Tsubame automatically put her hand on the door handle, but paused when she realized Yahiko wasn't headed to the room, but to her side of the car. Bemused, she let him open the door for her.

"Why do you do that?" she asked hesitantly as she got out.

"Do what?"

"Open the door for me." Tsubame couldn't remember any of the few guys she'd gone out with in school ever doing that for her, and none of the guys at the office where she'd worked did that. Of course, if they had, girls like Meg and Sara would have chewed them out for being 'sexist'.

Yahiko gave a lopsided grin. "Because if I didn't my dad would kill me." Then he stopped and grimaced a little. "Not that he could anymore." He shrugged. "I guess old habits die hard," he said. Then he closed the car door, opened the back and retrieved his sword, backpack, and a duffel bag he'd left on the floor.

Wordlessly, she followed him to the motel room door, waited as he unlocked and pushed it open, and walked past him into the room.

The room was decorated in shades of gold, beige, and brown. Along the wall to the left was a long, low chest of drawers with a TV and remote on them. A doorway with an open door set in the wall led to a bathroom. To the right were the beds with gold colored polyester coverlets. She was thankful to see that there were twin beds, not a single one, and went and sank down on the edge of the one nearest the door. A tiny table and chair stood in the space between the bed and window.

Closing her eyes, she inhaled through her nose and smelled cleaner, an artificial pine scented disinfectant. The cold scent of the humans who'd been here before lay underneath it, a man and a woman with a baby. Below that was the smell of a single man who'd had fish scales on him, probably traveling back from a fishing trip, and below that…

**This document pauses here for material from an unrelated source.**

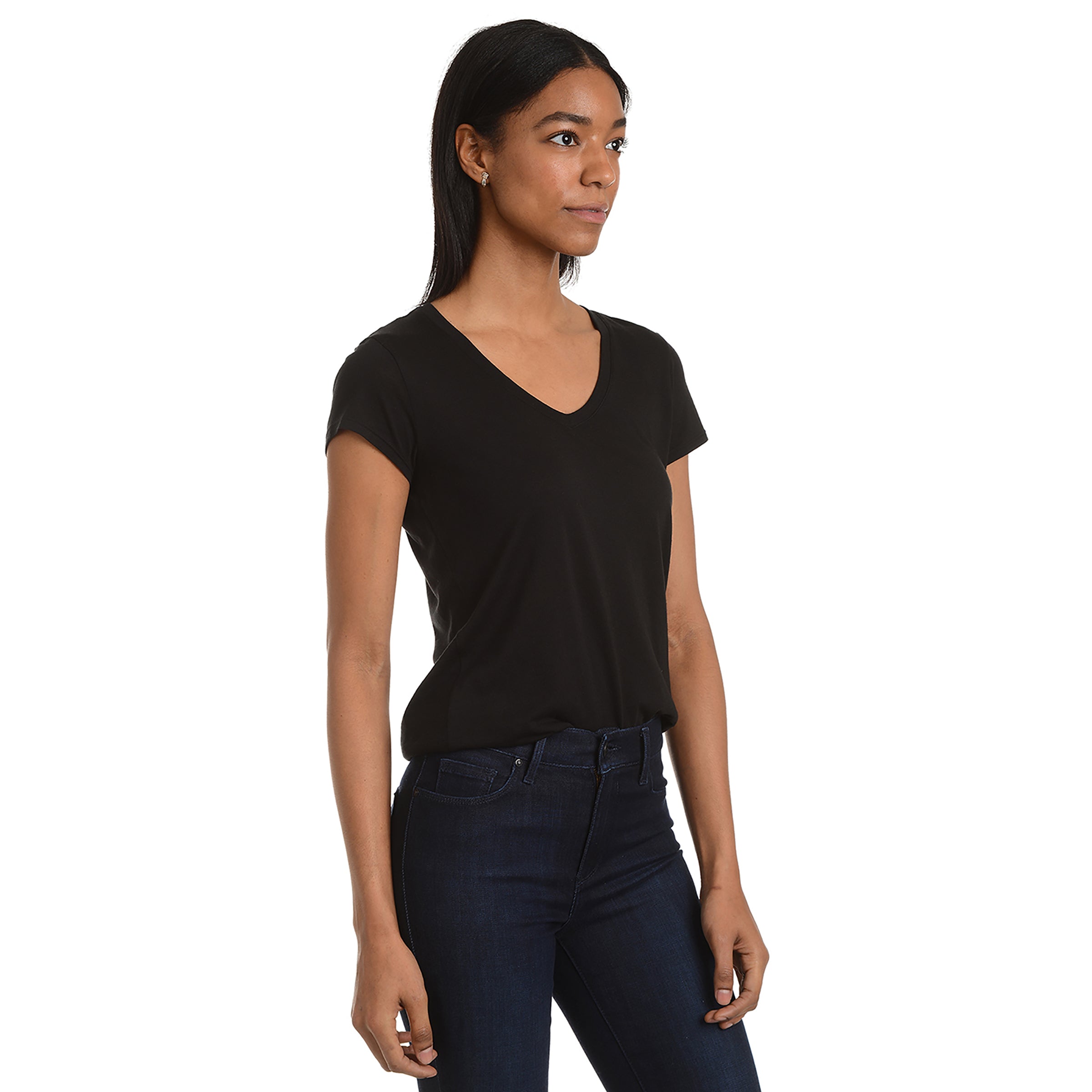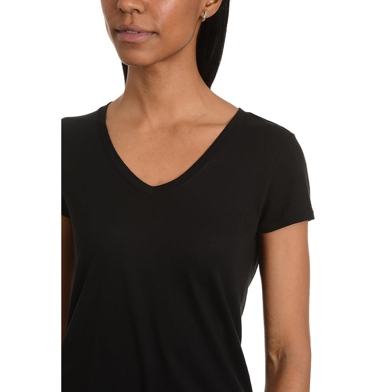 - Una camiseta ajustada de cuello en V y manga corta con un cuerpo alargado que llega hasta las caderas y luce genial tanto metida por dentro como por fuera.

"You want the shower first?"

Tsubame's eyes snapped open.

"Or take a bath? You can take a bath. I'm going to have to go out and get you some new clothes so I'll be gone awhile."

"Clothes?" repeated Tsubame.

Yahiko shifted his weight. "Well, you can't go around like that." He pointed to her stomach.

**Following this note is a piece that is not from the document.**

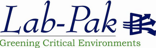 DM0000: The mark consists of "Lab-Pak" is written in blue BernhardMod BT font. There is a blue box to the right of the "Lab-Pak" text, which has three arrows going through it and bending in different directions to symbolize air flow. There is a blue line under "Lab-Pak" text, and "Greening Critical Environments" is written under the line in green.
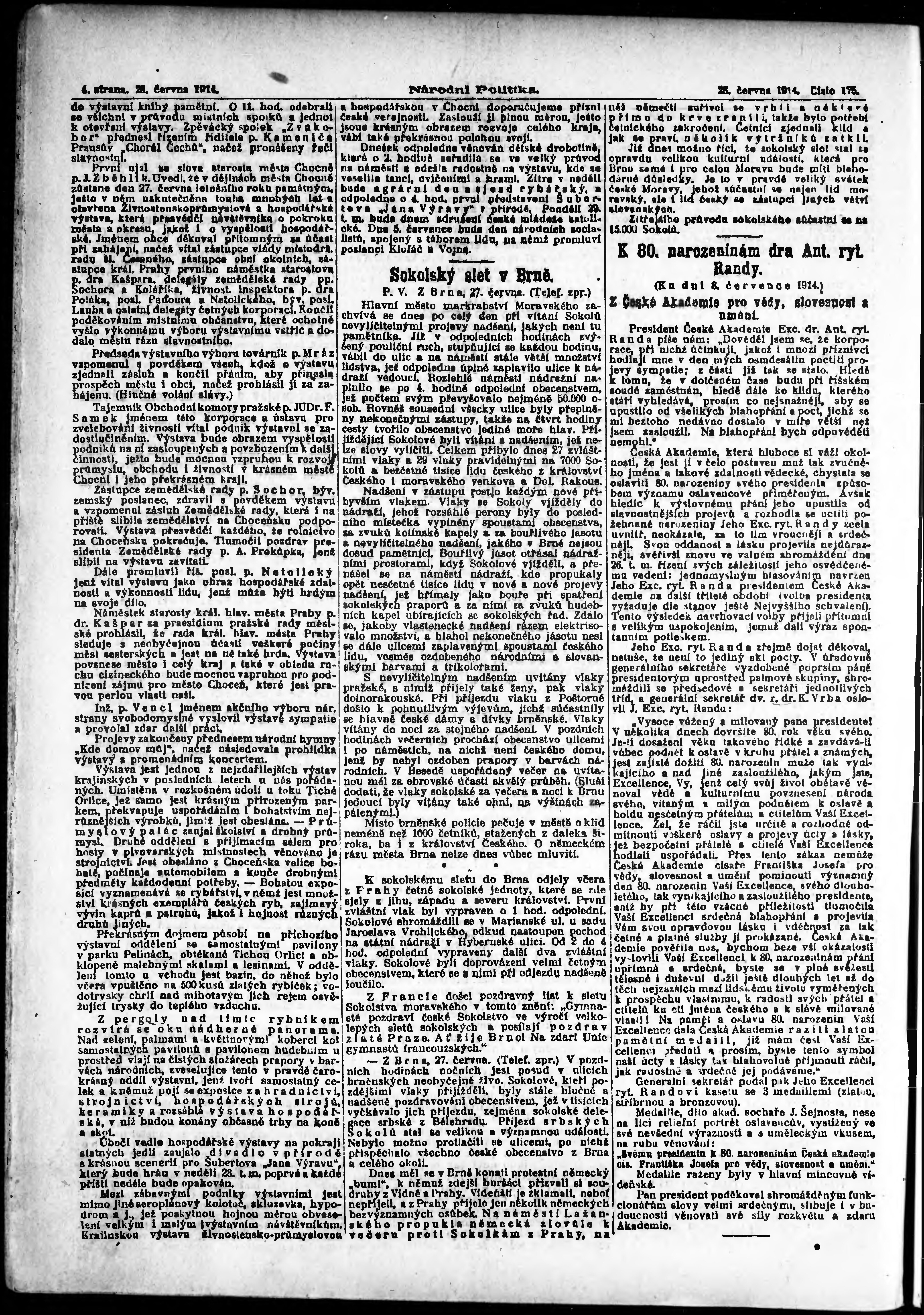 * Datum vydání výtisku: 28.6.1914 Číslo výtisku: 175 Poznámky k výtisku: ranní vydání;

Looking down she saw the bloodstains crusted across her middle. The wound had already shut and was healing up. She'd gotten worse from bears and wildcats she'd drunk from in the mountains.

"How will you buy clothes? It must be past midnight."

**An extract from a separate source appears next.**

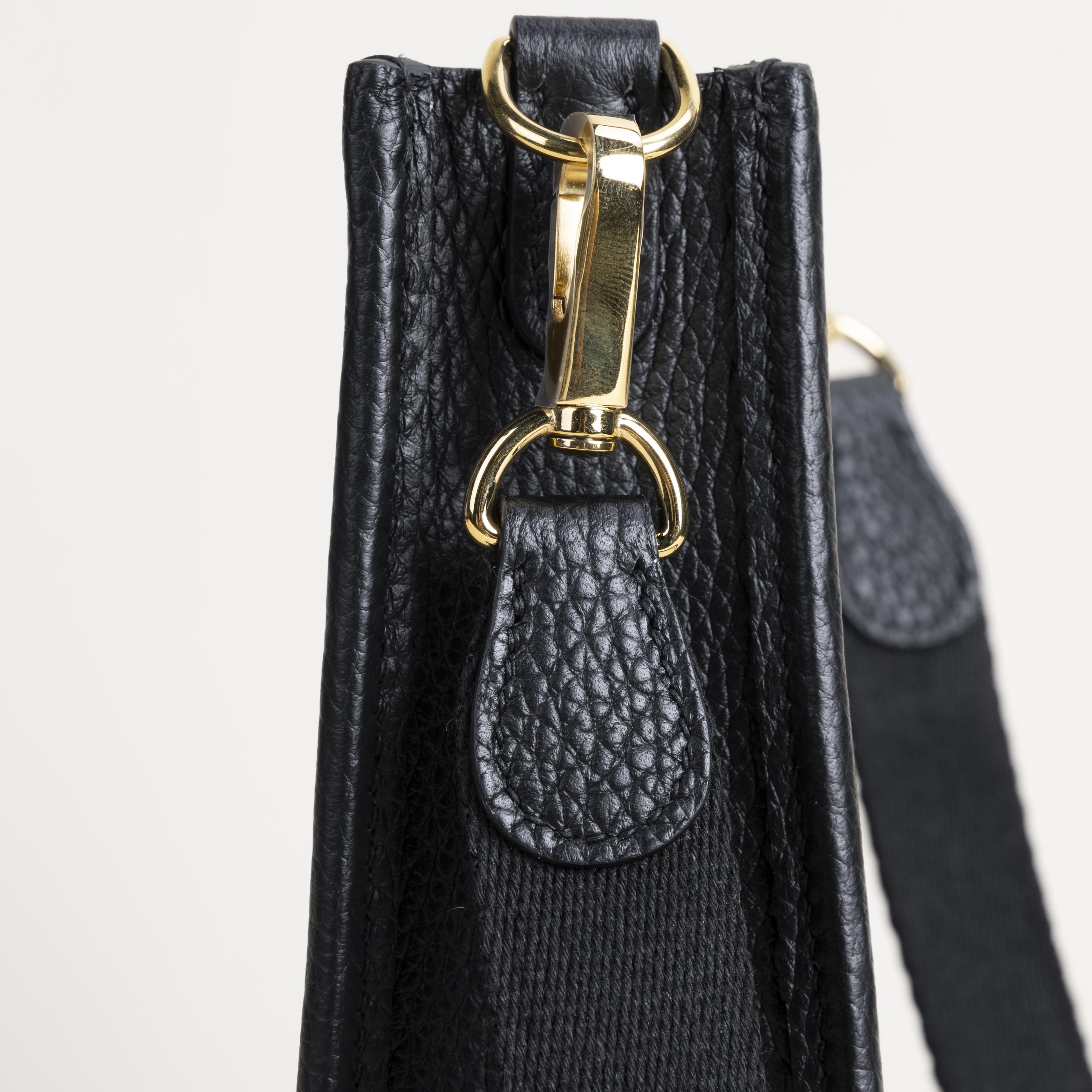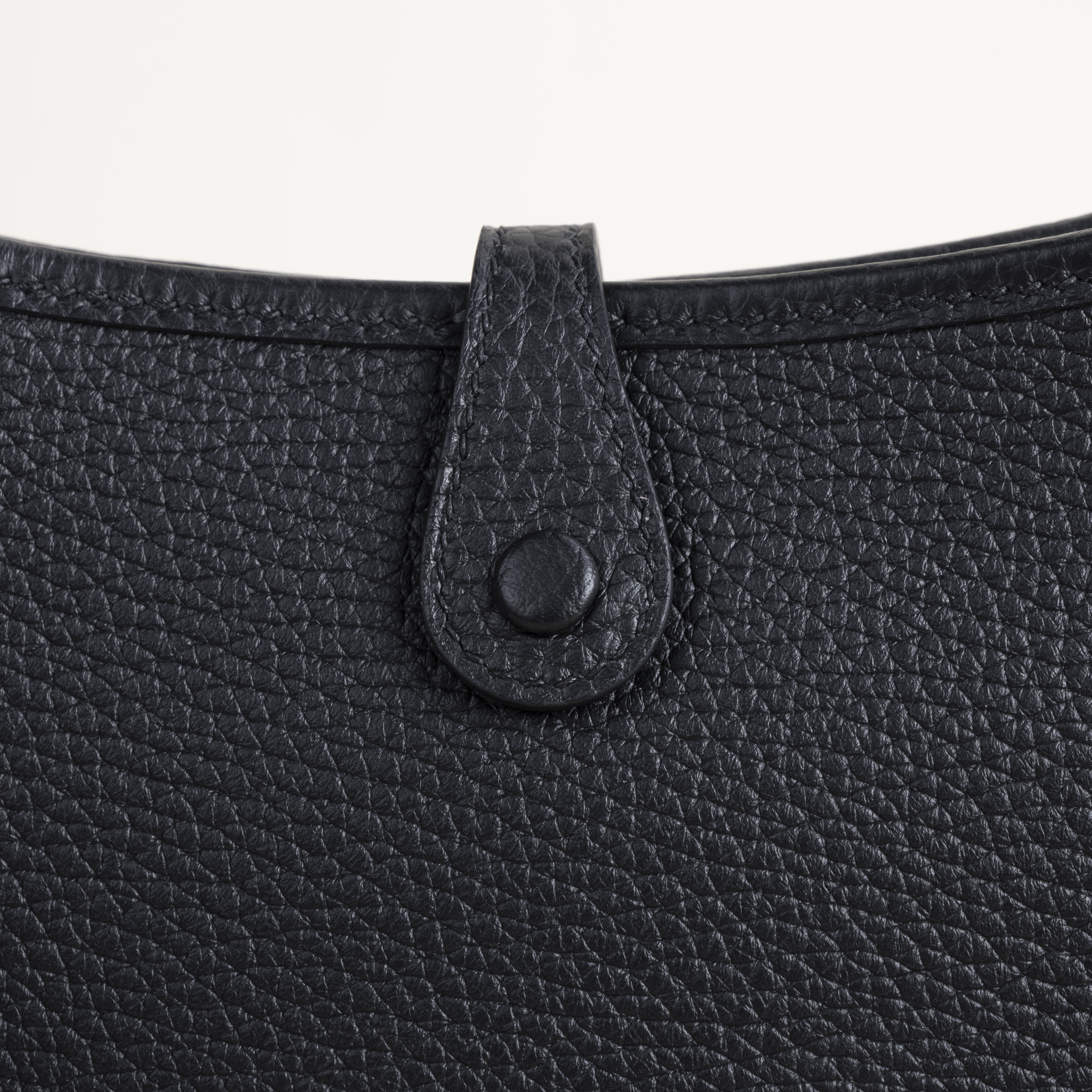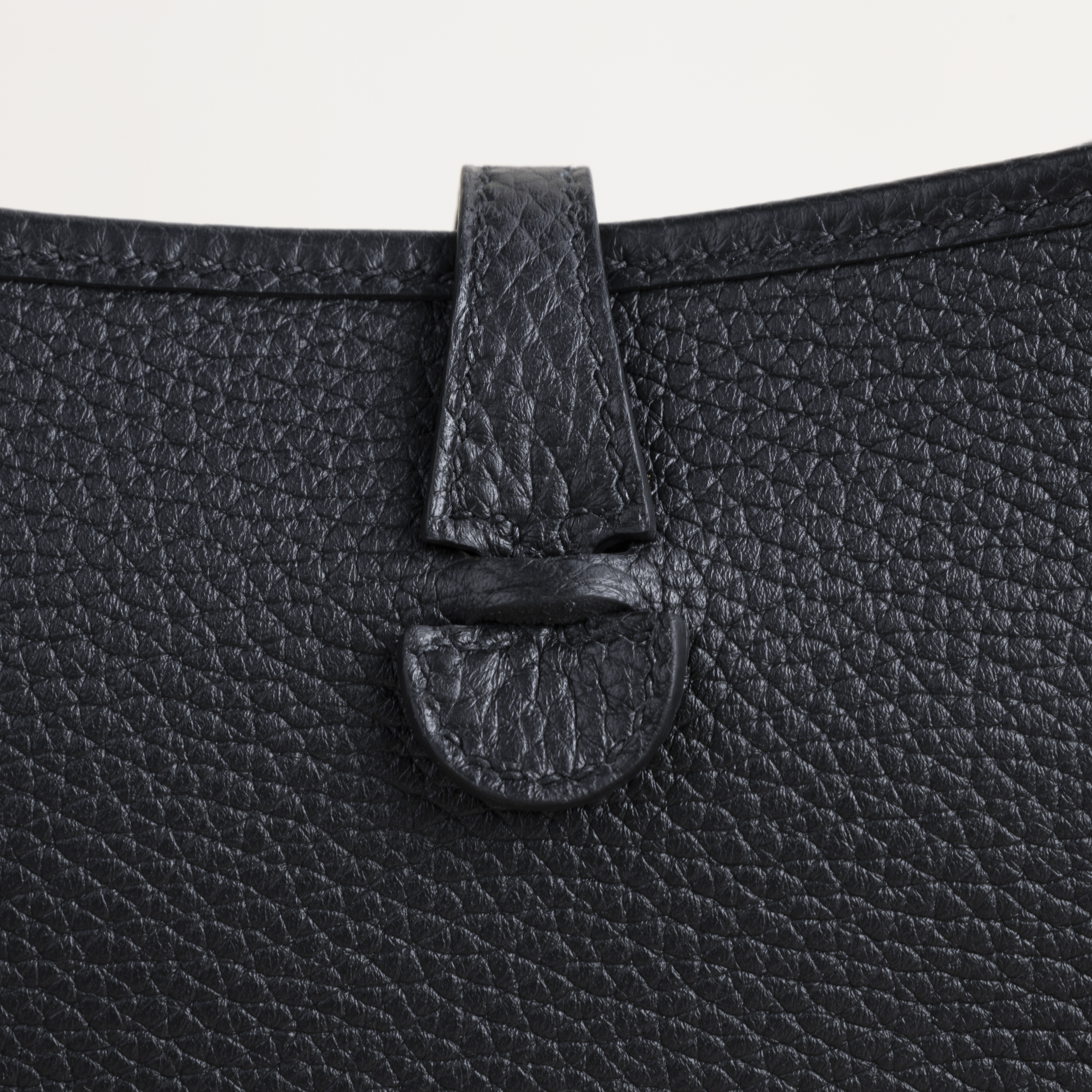 Model :Evelyne miniColor :89 NoirMaterial :Clemence leather Hardware :GoldMeasurements :(w)18x(H)16x(D)5.5cm Accompanied:shoulderstrap,Padlock,Key,Raincover,Box,Cotton bag

"Sav-Ons are open 24 hours, and the clerk told me there's one down the street. They usually have t-shirts and stuff. What size are you?"

"Small. I'm a size four." Tsubame told him bemusedly.

"OK. I'll come back and stick the clothes on the floor of the bathroom when I get back." He raised his hands at her sharp stare. "I won't look, I swear it."

With that, he backed away toward the door and hastily went through it. Tsubame had the curious feeling that if normal blood still flowed through his veins, Yahiko would have been blushing. Suddenly she wasn't worried about him spying on her in the bathroom.

Pulling off her ruined tank top, she went to the bathroom and proceeded to have both a bath and a shower, thanking her lucky stars for the little soaps and shampoo and conditioner samples on the sink countertop.

She saw the door open a crack while she was rinsing the shampoo out of her hair and tensed, but as promised, Yahiko simply pushed a pile of clothing through the crack and shut the door again. She'd sensed vampire presence when he'd returned, but the running water all around her made it fuzzy seeming and odd.

Stepping out of the shower, she toweled her hair mostly dry and wrapped the dampened fabric around her middle. Her hands stilled in their motion of tucking the excess edge in at her breast. There were two voices coming from beyond the door outside the bathroom, and now that she concentrated, she felt two different vampire presences.

Part of Tsubame wanted to try to crawl down the shower drain with the draining water. Shaking the cowardly impulse off, she strode to the door, picking her knife out of the scabbard that she'd left on the sink countertop, and pulled the door open abruptly.

Two heads swiveled around to look at her. Yahiko was sitting on the bed by the door and across from him on the other bed was a taller, lanky vampire who looked around in surprise, then smirked when he saw her. He was a very familiar looking vampire.

"You!" Tsubame hissed, and lunged forward, knife blade poised to strike.